When the LLM is uninformative

While the method is able to efficiently exploit information derived from a good predictor, it is also capable of rejecting useless information derived from a bad one. Here we simulate responses that are essentially unrelated to ability (drawn from scrambled item parameters), so the paired correction between observed and predicted carries no usable signal:

set.seed(242424)
bad_pars    <- true_pars
bad_pars$a  <- pmax(0.05, abs(rnorm(n_items, 0, 0.1)))   # near-zero slopes
bad_pars$d  <- rnorm(n_items, 0, 2)                       # difficulties unrelated to truth

predicted_bad <- simulate_2pl(theta_human, bad_pars)
generated_bad <- simulate_2pl(rnorm(n_generated), bad_pars)

tuned_bad <- tune_lambda_ability_risk(
  observed     = observed,
  predicted    = predicted_bad,
  generated    = generated_bad,
  target_resp  = observed,
  initial_pars = human_start$pars,
  fit_fn       = fit_mixed_subjects_mml,
  control      = list(maxit = 200)
)

tuned_bad$best_lambda   # expect ~0: the useless LLM is correctly ignored
#> [1] 0.03332212

The criterion drives $\lambda \to 0$, recovering the human-only item parameters.

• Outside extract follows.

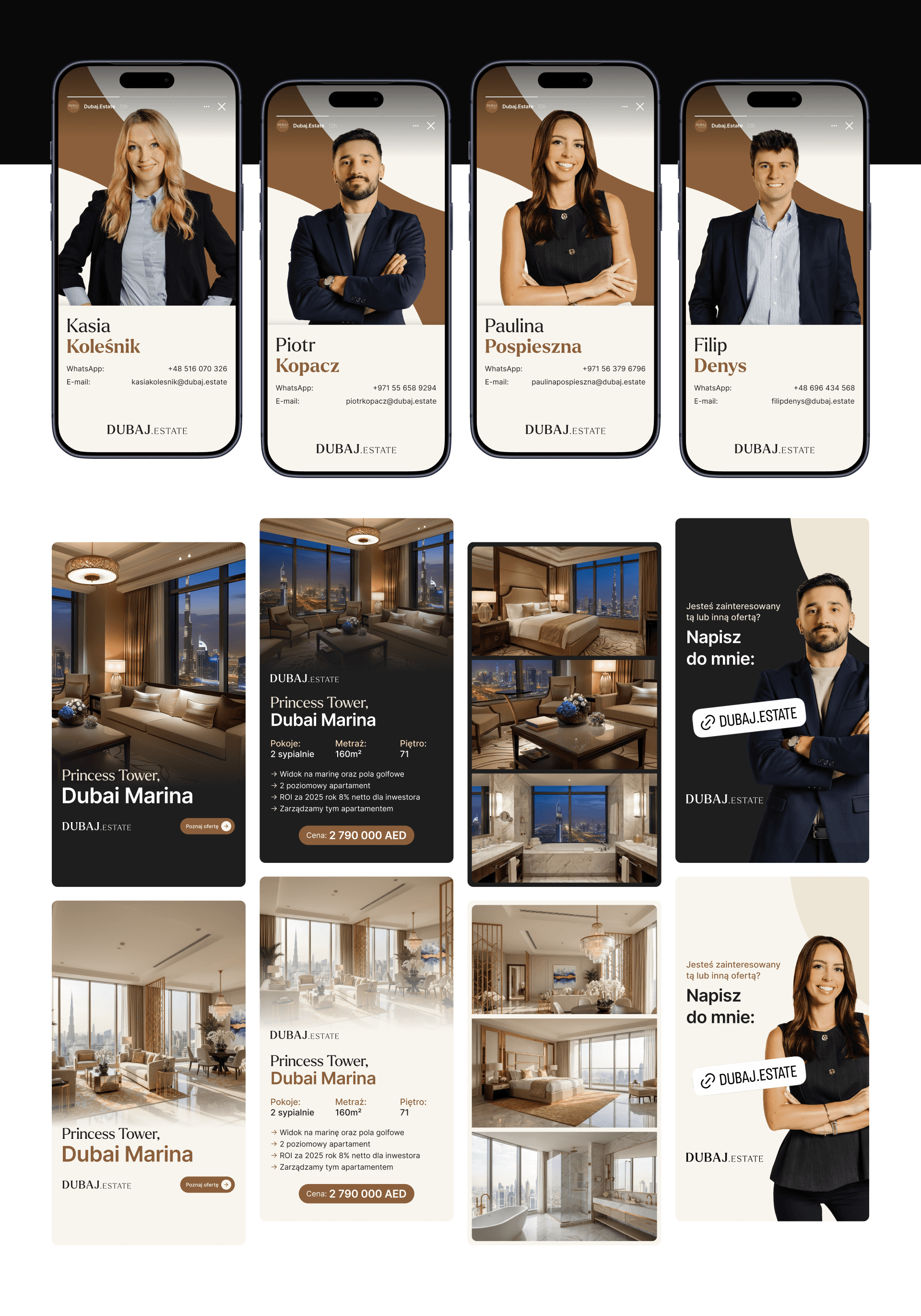 Dubaj.Estate launched as a complete, market,ready brand with a clear identity and a consistent voice across every touchpoint. The visual system works equally well on a street banner, a business card and an Instagram post, giving the brand the flexibility it needs to grow. More importantly,

As such, the same $\lambda$ tuning procedure both embraces informative predictions (as in the main example, $\lambda \to N/(n+N)$) and rejects an uninformative predictions ($\lambda \approx 0$).

Validation

A full simulation study confirms the recommended workflow behaves as intended:

$\mathbf{\lambda}$-selection tracks predictor quality. A perfect paired predictor $(F = Y)$ selects $\lambda \approx N/(n+N)$; a useless predictor is down-weighted to $\lambda \approx 0$.
The Louis-corrected standard errors provide correct coverage. Across all simulation conditions, including a useless or biased predictor, vcov() on a scalar MML fit attains nominal Wald-interval coverage (~0.91/0.96) for both discriminations and intercepts, whereas the uncorrected EM-Hessian covariance under-covers (~0.71/0.79).
No average harm done to ability scoring. The tuned ability-score RMSE is no worse than the human-only calibration on average (every regime’s mean $\Delta \text{RMSE} \leq 0$) when the predictor is uninformative.

See the Simulation Validation vignette for the full results, and simulations/ in the source tree for the reproduction code.